§ ACTIVITY: The listing below should be reproduced precisely, except for its images.

§ PROVIDED MATERIAL:
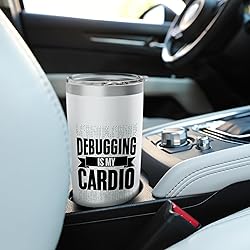 Debugging Is My Cardio This design with a debugging phrase is made for coders and programmers. Perfect present for anyone who loves the different programming languages. Dual wall insulated: keeps beverages hot or cold Stainless Steel, BPA Free Leak proof lid with clear slider
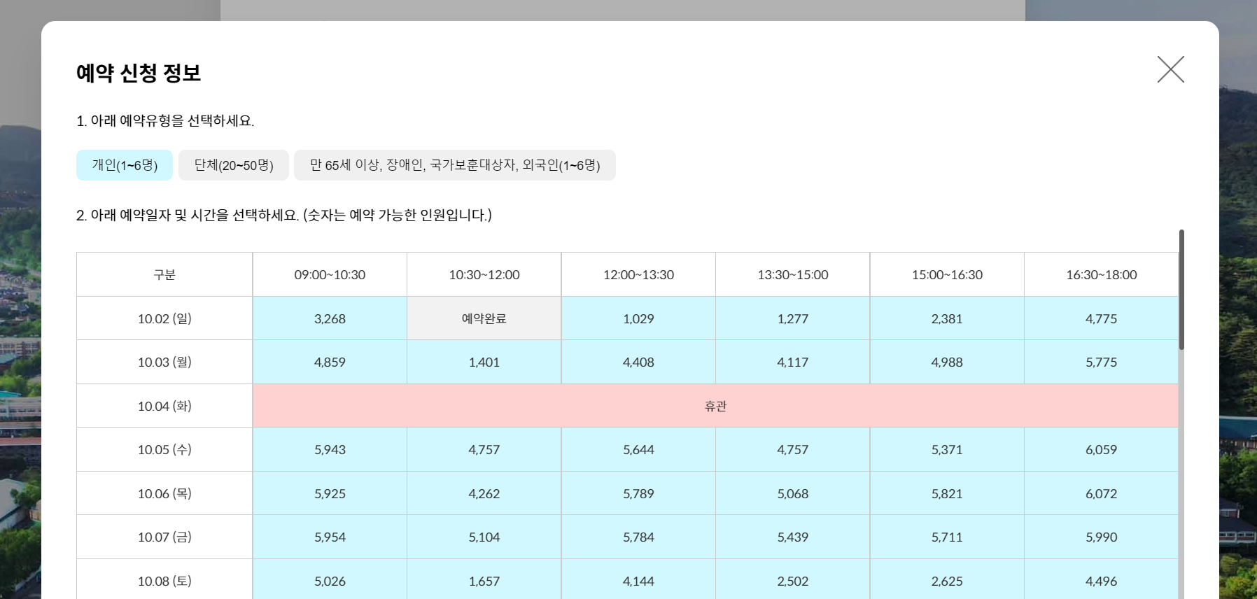 관람 예약 가능일은 신청일 기준 다음주부터 4주간이며, 매주 일요일 00시에 갱신됩니다.
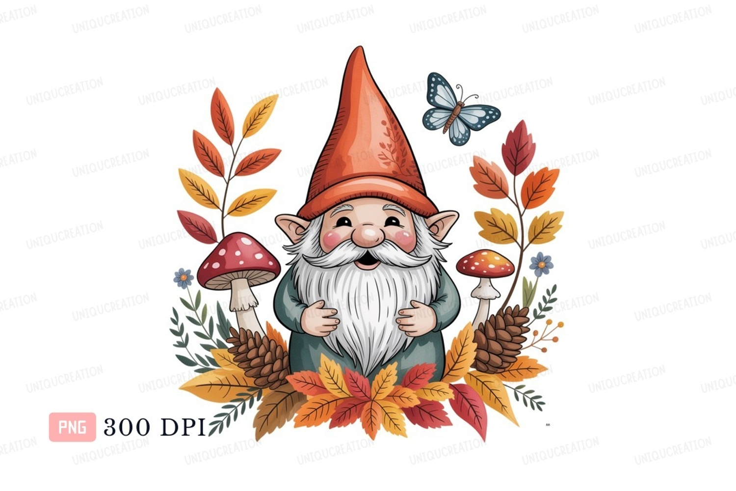 Autumn gnome with butterfly and mushrooms leaves example image 1
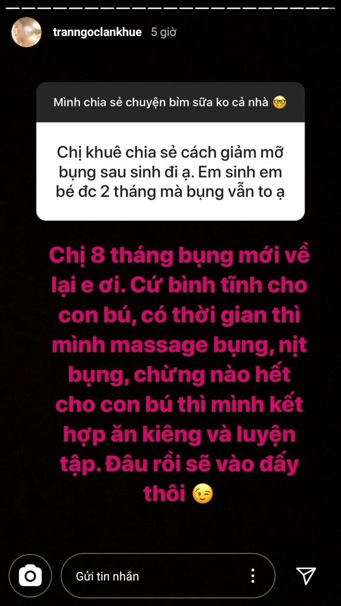 “4 tháng đầu mình cho bé bú nên không có theo chế độ giảm cân. Nhưng có massage bụng, quấn bụng, nịt bụng. Cộng với cho bú và thức đêm cho bú nên cũng xuống, mà xuống ít thôi.

§ TASK OUTPUT:
 Debugging Is My Cardio This design with a debugging phrase is made for coders and programmers. Perfect present for anyone who loves the different programming languages. Dual wall insulated: keeps beverages hot or cold Stainless Steel, BPA Free Leak proof lid with clear slider
 관람 예약 가능일은 신청일 기준 다음주부터 4주간이며, 매주 일요일 00시에 갱신됩니다.
 Autumn gnome with butterfly and mushrooms leaves example image 1
 “4 tháng đầu mình cho bé bú nên không có theo chế độ giảm cân. Nhưng có massage bụng, quấn bụng, nịt bụng. Cộng với cho bú và thức đêm cho bú nên cũng xuống, mà xuống ít thôi.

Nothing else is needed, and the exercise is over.